**TASK REQUIREMENTS**
Exactly as written, copy every line from the one containing "4.88″ (12.4cm) closed." through the end of the records, with the pictures left out.

**SOURCE INFORMATION**
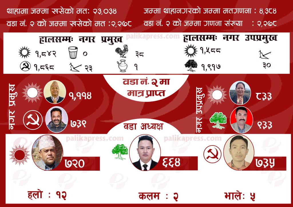 थाहा–२ मा माओवादीको प्यानलै विजयी भएको छ । माओवादीको तर्फबाट खुल्ला वडा सदस्यहरुमा विजयी युवराज विष्टले ६१३ र अर्जुन कार्कीले ५९६ विजयी मत पाएका छन् । त्यसैगरी महिला सदस्यमा रितु कार्कीले ६७७ र दलित महिला सदस्यमा सिर्जना विकले ६५२ मतसहित विजयी भएका छन् ।
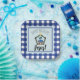 This adorable pattern features a watercolor nativity on a light blue background with white and blue plaid border. Says "Happy Birthday, Jesus!"
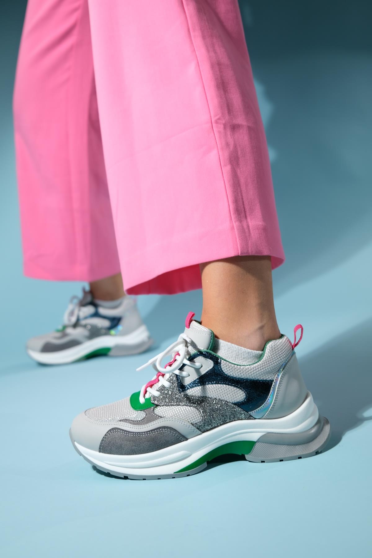 A statement sneaker with a bold sole and glitter accents for elevated casual looks | 1.6" (4.0 cm) heel | Synthetic leather and textile upper / textile lining / thermo sole | Handmade in Turkey, true to size
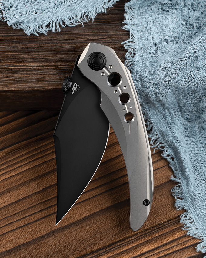 4.88″ (12.4cm) closed. 3.88″ (9.86cm) black stonewash finish M-Cut blade. Gray titanium handle. Thumb disk. Pocket clip. Boxed.
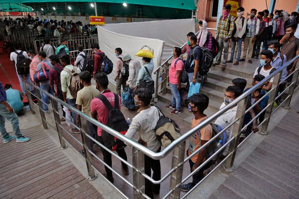 Indian passengers queue up for COVID-19 tests at a facility erected at a railway station to screen people coming from outside the city, in Ahmedabad, India, on Monday. India's coronavirus cases are now the second-highest in the world and only behind the United States.Ajit Solanki/The Associated Press

**EXPECTED ANSWER**
 4.88″ (12.4cm) closed. 3.88″ (9.86cm) black stonewash finish M-Cut blade. Gray titanium handle. Thumb disk. Pocket clip. Boxed.
 Indian passengers queue up for COVID-19 tests at a facility erected at a railway station to screen people coming from outside the city, in Ahmedabad, India, on Monday. India's coronavirus cases are now the second-highest in the world and only behind the United States.Ajit Solanki/The Associated Press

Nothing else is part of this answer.